Perhaps this is literal, but how do we know? Was this metaphorical or symbolic language? Both the apostles Paul and John used the metaphor of the "bride of Christ" to represent the people who are Christ's people, that is, his Church
Paul wrote to the Corinthians, "For I feel a divine jealousy for you, since I betrothed you to one husband, to present you as a pure virgin to Christ." (2 Corinthians 11:2) and he likened human marriage that was talked about in Genesis to the relationship between the church and Christ in his letter to the Ephesians: "'Therefore a man shall leave his father and mother and hold fast to his wife, and the two shall become one flesh.' This mystery is profound, and I am saying that it refers to Christ and the church." (Ephesians 5:31-32).
John, in the mysterious revelation given to him, wrote concerning how the church would be united with Christ in the end time this: "And I saw the holy city, new Jerusalem, coming down out of heaven from God, prepared as a bride adorned for her husband. And I heard a loud voice from the throne saying, “Behold, the dwelling place of God is with man. He will dwell with them, and they will be his people, and God himself will be with them as their God. (Revelation 21:2-3)

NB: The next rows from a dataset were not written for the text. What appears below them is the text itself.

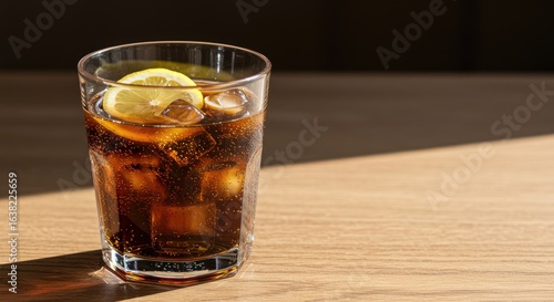 glasses, cola, ice, lemon, slice, drink, cold, refreshment, summer, soda, fizzy, sweet, iced, wooden, table, light, shadow, closeup, transparent, carbonated, cool, beverage, chilled, refreshing, summer, delicious, citrous, fruit, tabletop, soft drink, cold drink, sugary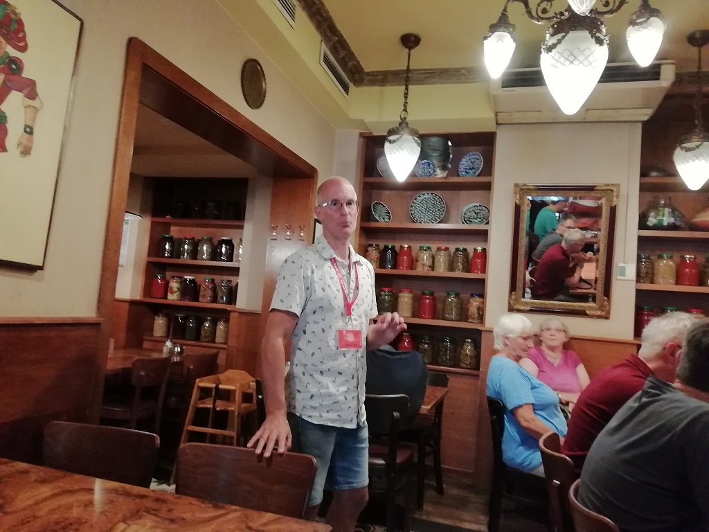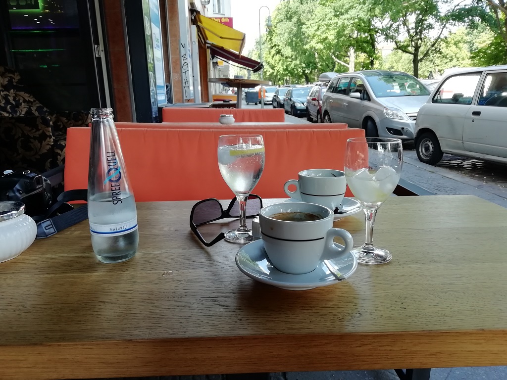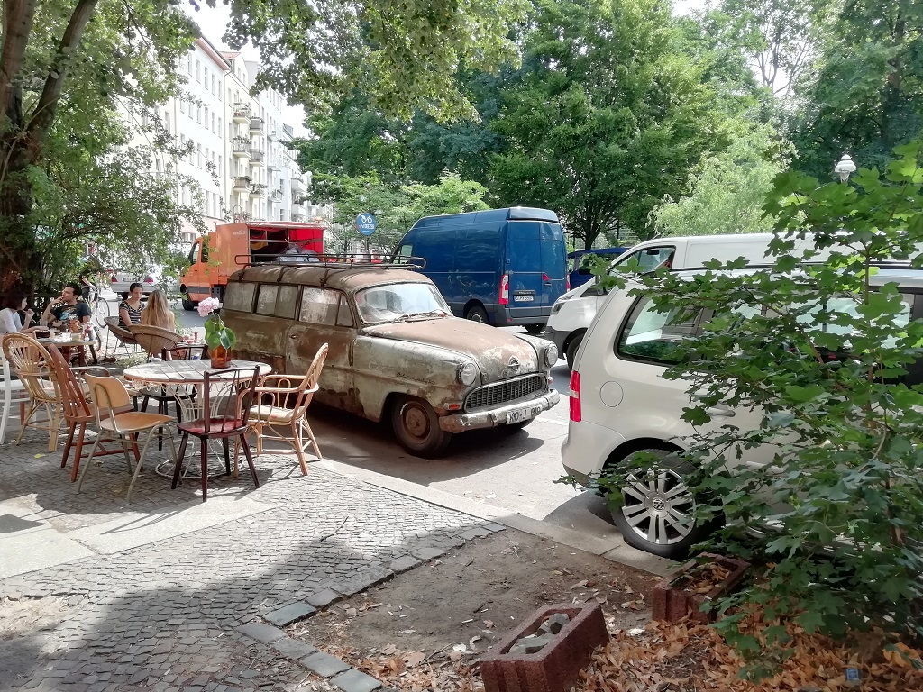 Am nächsten Morgen gibt es ein kleines Frühstück vorm WoMo und eine zweite Tasse Kaffee in Kreuzberg im Cafe Thron. In der Nähe treffen wir uns dann mit dem kulinarischen Führer von „Eat the world“. Die ersten Erklärungen zum bevorstehenden kulinarischen Rundgang durch Kreuzberg gibt es am Hohenstaufenplatz die Berliner sagen aber Zickenplatz. An der ersten Ess-Station zieht ein vor dem Haus geparkter Oldtimer die meiste Aufmerksam auf sich. Unser Reiseleiter kündigt uns überall an und ruft die für uns vorbereiteten Häppchen ab. Zu jeder der sieben Restaurants weiß der Mann eine Geschichte zu erzählen. Natürlich bekommen wir auch sonst einen kleinen Überblick was Kreuzberg und die angrenzenden Stadtteile angeht. Wir sind tatsächlich vier Stunden unterwegs. Vom Zickenplatz bis zum Landwehrkanal und auf der anderen Seite zurück zum Kottbusser Tor. Diesen Bereich nennt man hier in Berlin „Kotti“. Hier haben wir dann auch bei Leylak ein schmackhaftes Börek probieren dürfen. Im Restaurant Hasir ist dann Schluss. Der Reiseleiter findet noch ein paar nette Worte zum Abschied und ward nicht mehr gesehen.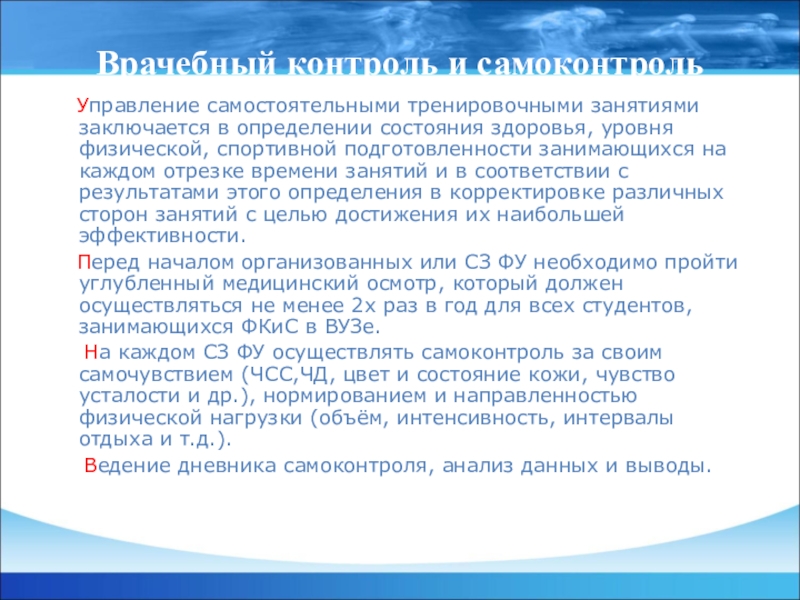 Врачебный контроль и самоконтроль, соблюдение гигиенических требований и организационно - методических принципов - доступности, преемственности, последовательности и систематичности.
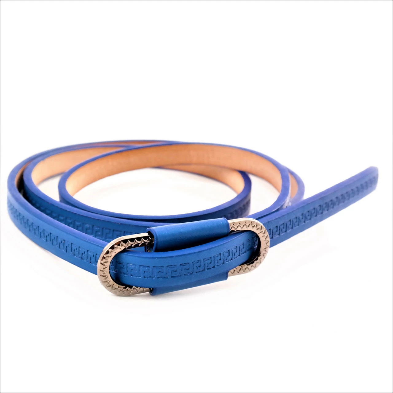 Ремень женский экокожа с тиснением, зажимная пряжка, ширина 1 см.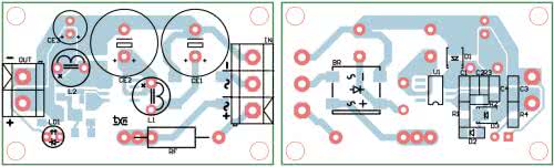 Układ zmontowany jest na niewielkiej jednostronnej płytce drukowanej, której schemat został pokazany na rysunku 3. Montaż nie wymaga opisu, należy tylko poprawnie przylutować pad termiczny układu U1 i dokładnie oczyścić płytkę z topników. Przed podłączeniem układu należy dokładnie sprawdzić poprawność montażu i jakość zastosowanych elementów, szczególnie kondensatorów, gdyż mają one kluczowy wpływ na działanie układu.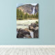 As águas balançadoras de Takakkaw caem no Parque Nacional Yoho, na Colúmbia Britânica, Canadá. Esta atração turística popular apresenta as águas azuis turquesas do derretimento de geleira. Ele cai a 1246 pés no rio Yoho abaixo.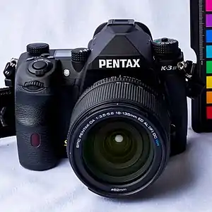 The Pentax K-3 Mark III is a Digital single-lens reflex camera released by Ricoh Imaging on 23 April 2021. It was developed as the flagship model of the Pentax APS-C camera range.[2][3] It has a 1/8000 conventional and 1/16,000 electronic shutter (via firmware update). It also has familiar Pentax features, such as Astrotracer, Pixel Shift Resolution, AA Filter simulator, as well as Depth-of-field, Shutter, and Motion Bracketing.[4] This is the first Pentax camera with 4K video recording and a touchscreen.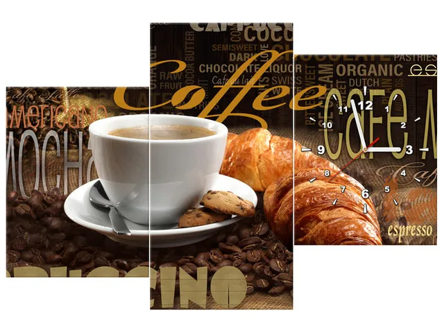 Obraz s hodinami na stenu do kuchyne Ranná káva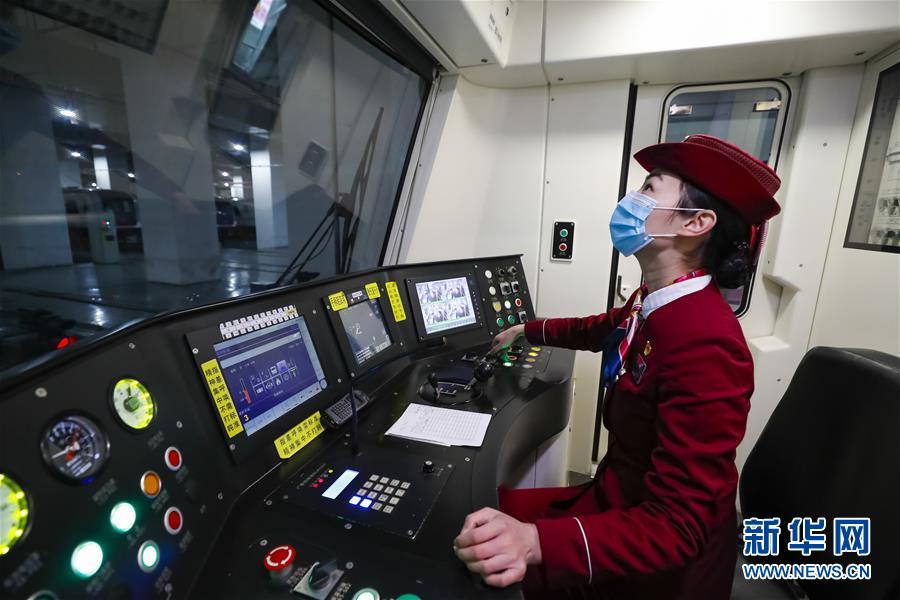 3月28日,武漢地鐵運營有限公司司機吳亞在常青車輛段檢查車輛情況。新華社記者沈伯韓攝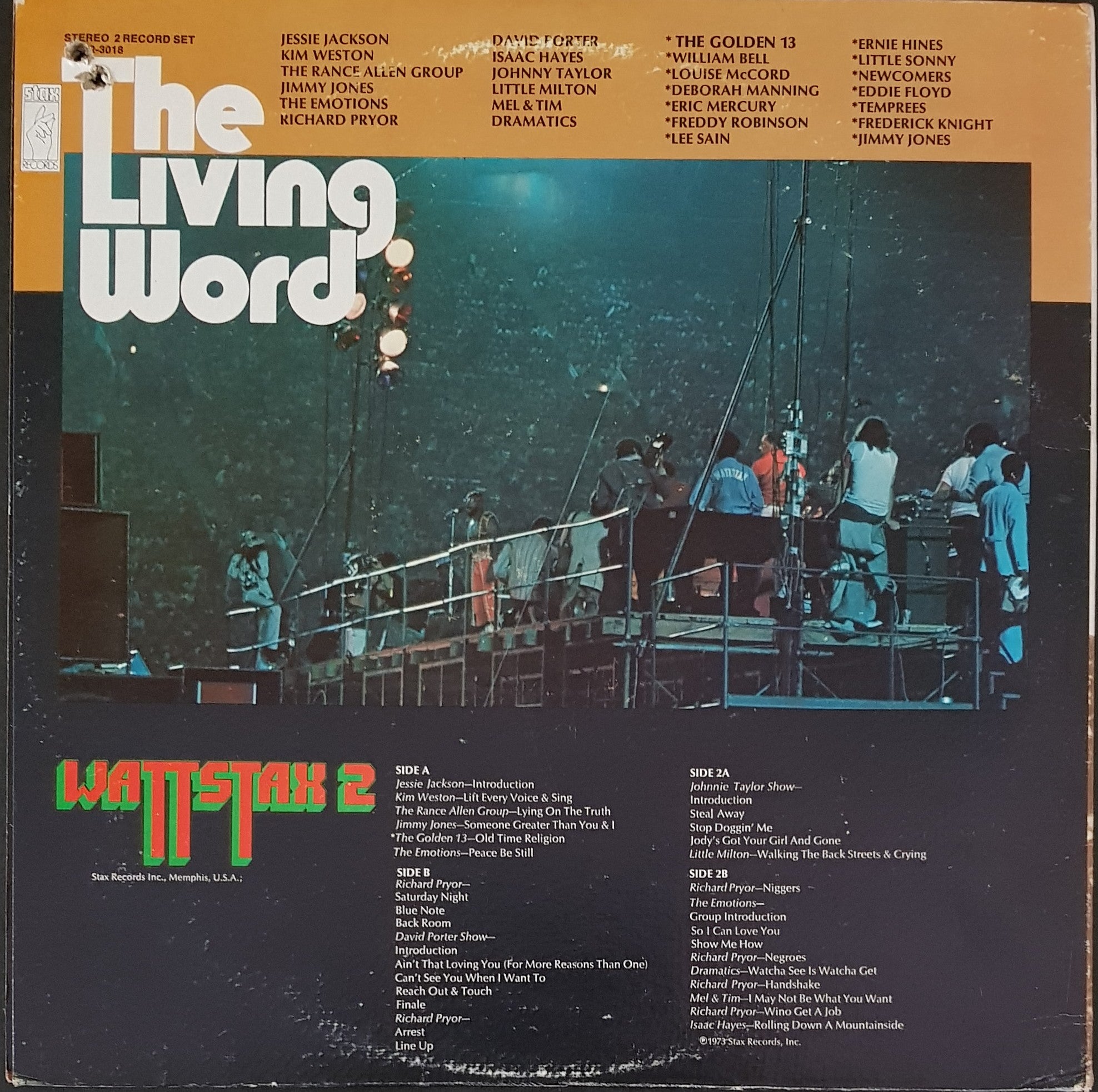Gatefold Cover w.Inner Sleeves. 1973 Stax STS 2-3018. Minor ring wear, small sticker stain & 2 drill holes in cover. Mark on D2c The Emotions – Show Me How that will sound, otherwise super clean records.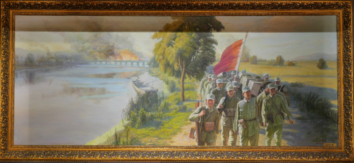 “随着一声震天巨响,爆破终于成功,大铁桥架坠落到桥墩下边去了。津浦铁路彻底中断,敌军的运输命脉被斩断。战后,我爷爷被授予‘爆破勇士’的光荣称号。”朱晓清说。 展示运河支队爆破运河大桥的油画《凯旋》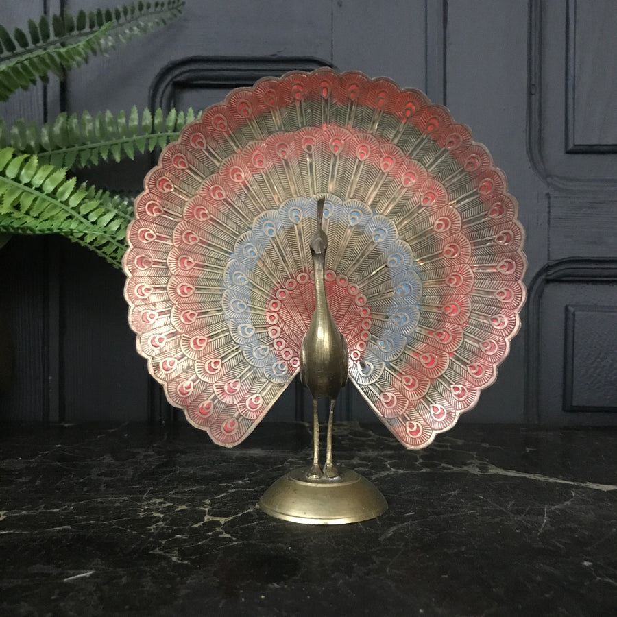 A stunning brass peacock ornament with beautiful, coloured engraving work - just look at those tail feathers!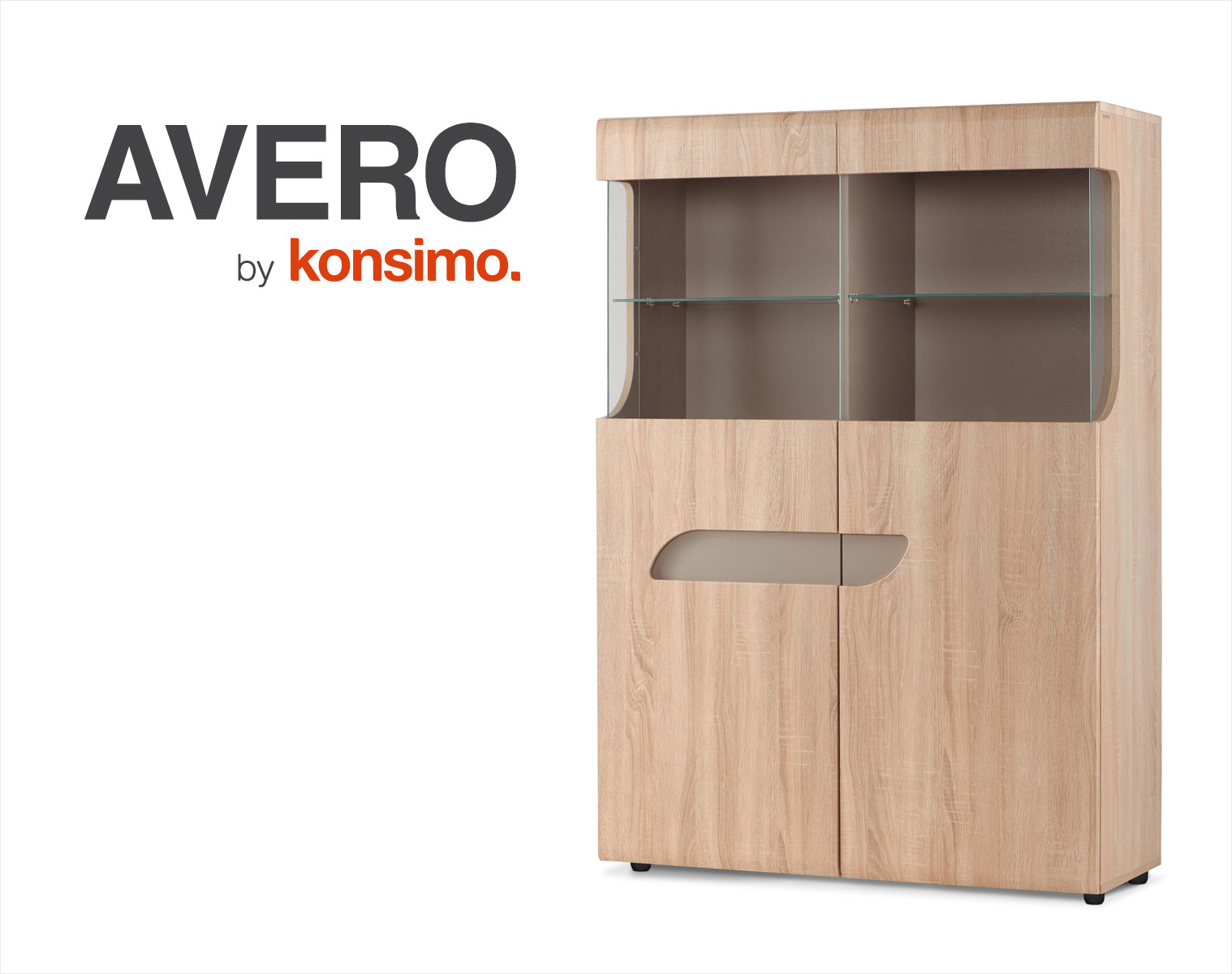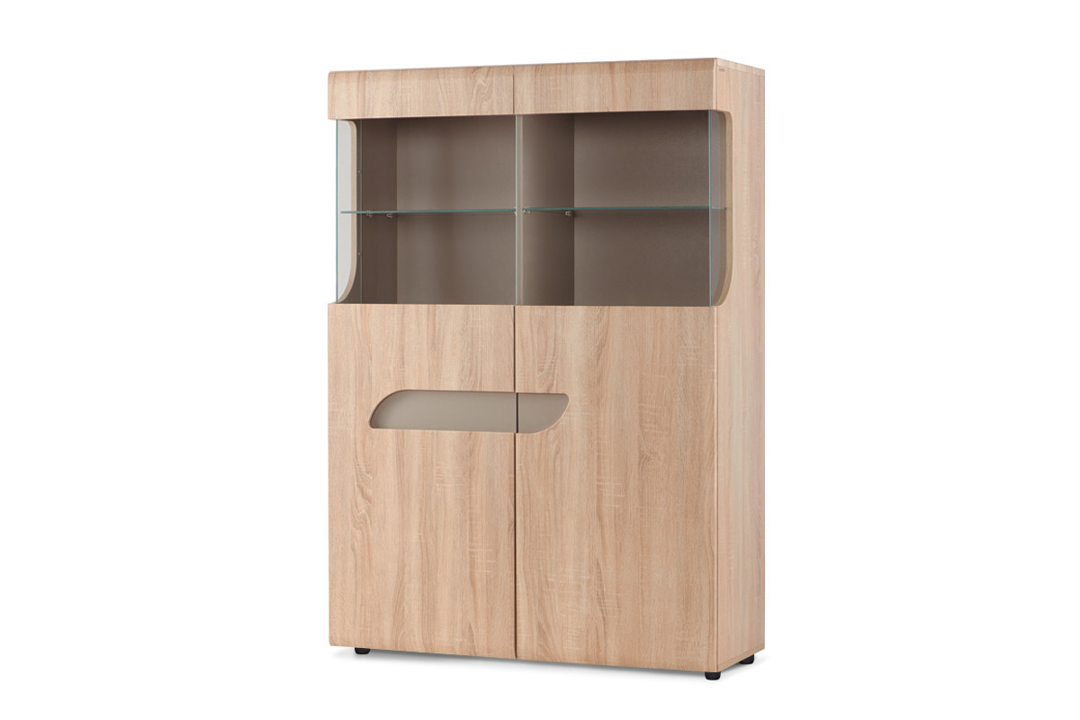 Dizajnová a moderná vitrína z kolekcie AVERO je perfektnou voľbou do štýlovej obývacej izby, jedálne alebo haly. Veľké police poskytujú dostatok priestoru na uloženie najrôznejších predmetov. Na druhú stranu zasklenie z tvrdeného skla vám umožní vystaviť tie najštýlovejšie dekorácie a prvky bytového zariadenia. Frézované priehlbiny vo dverách zdôrazňujú moderný štýl tohto webu a dodávajú mu jedinečné kúzlo.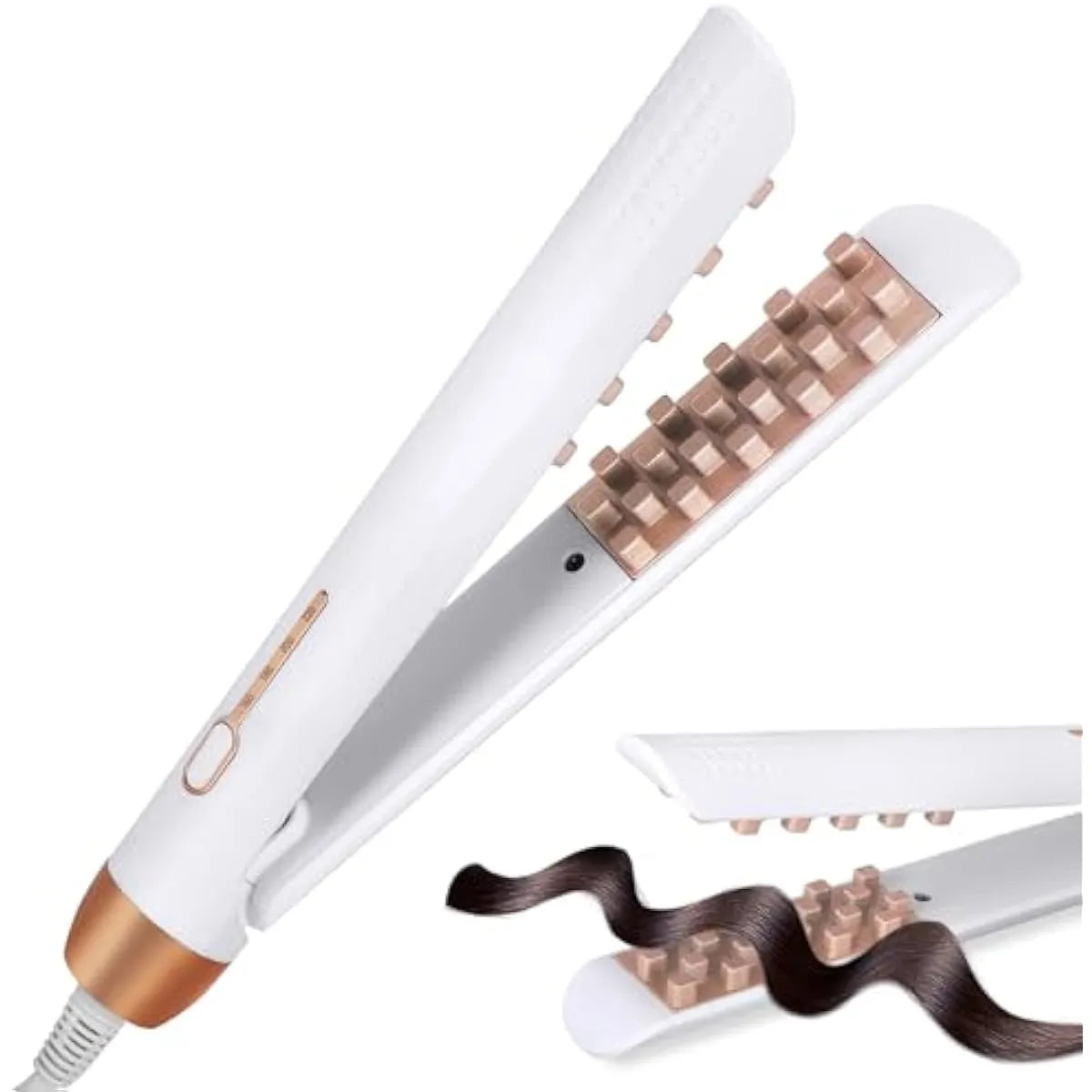 Placas con Peine (o Guías): Las placas externas están equipadas con una serie de "peines" o guías en relieve (los cuadrados que se ven) que ayudan a envolver el mechón de cabello y darle forma de rizo mientras deslizas la herramienta. Estas guías, a veces llamadas "barriles rizadores", aseguran que el cabello se curve de manera uniforme y duradera.

Notice that not only do we have a "bride," but we also have the idea of God "dwelling" with man!
Or take an account that Matthew recorded:
"While Jesus was still talking to the crowd, his mother and brothers stood outside, wanting to speak to him. Someone told him, 'Your mother and brothers are standing outside, wanting to speak to you.' He replied to him, 'Who is my mother, and who are my brothers?' Pointing to his disciples, he said, 'Here are my mother and my brothers. For whoever does the will of my Father in heaven is my brother and sister and mother.' (Matthew 12:46-49)
This shows that Jesus could use family ties metaphorically. It is not beyond comprehension that someone writing a text 200 years after Christ might want attribute to Jesus that same kind of metaphorical language to address Jesus' relationship to his followers.